What the task requires
All lines from the one bearing "厚みのあるシルバー(12ゲー" through the end of the data below must be printed exactly as they stand, with pictures removed.

Material supplied
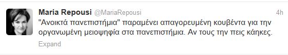 Απάντηση μέσω Twitter έδωσε η Μαρία Ρεπούση σε όσους την αποδοκίμασαν κατά τη διάρκεια της ομιλίας της στο Εθνικό και Καποδιστριακό Πανεπιστήμιο Αθηνών σε εκδήλωση με θέμα: «Το μέτρο της διαθεσιμότητας και οι συνέπειες του για το δημόσιο Πανεπιστήμιο και την κοινωνία».
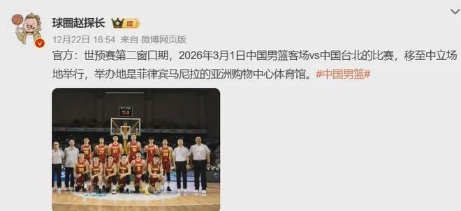 值得一提的是,明年3月1日中国男篮VS中国台北队的比赛,将移至中立场地举办,地点位于菲律宾马尼拉的亚洲购物中心体育馆。至于为什么?FIBA官方尚未给出解释,但懂的都懂,现在的体育运动早已不纯粹,掺杂了太多不可控因素,只能尽量避免。
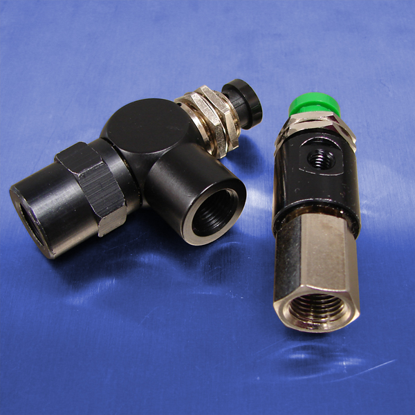 Our “11” Series valves, part numbers starting with A11, feature a swivel output port. Push-in connections are also available to speed tubing installation.
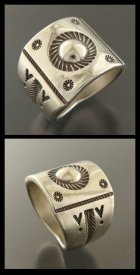 厚みのあるシルバー(12ゲージ)を使っているのでスタンプが深く、デザインが浮き出ている感があります。
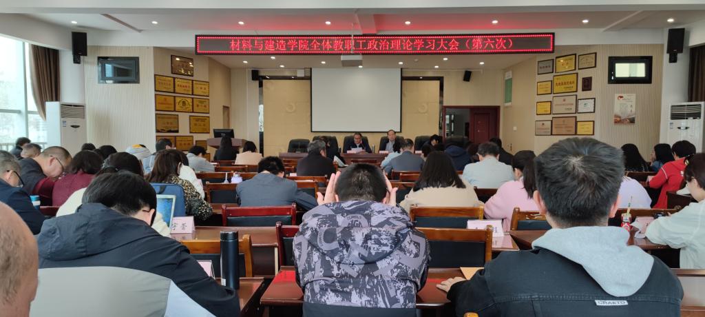 4月26日下午,材料与建造学院党总支召开2023年第六次全体教职工大会。材料与建造学院全体教职工参加会议,会议由学院党总支书记伍志强主持。

Finished exercise
 厚みのあるシルバー(12ゲージ)を使っているのでスタンプが深く、デザインが浮き出ている感があります。
 4月26日下午,材料与建造学院党总支召开2023年第六次全体教职工大会。材料与建造学院全体教职工参加会议,会议由学院党总支书记伍志强主持。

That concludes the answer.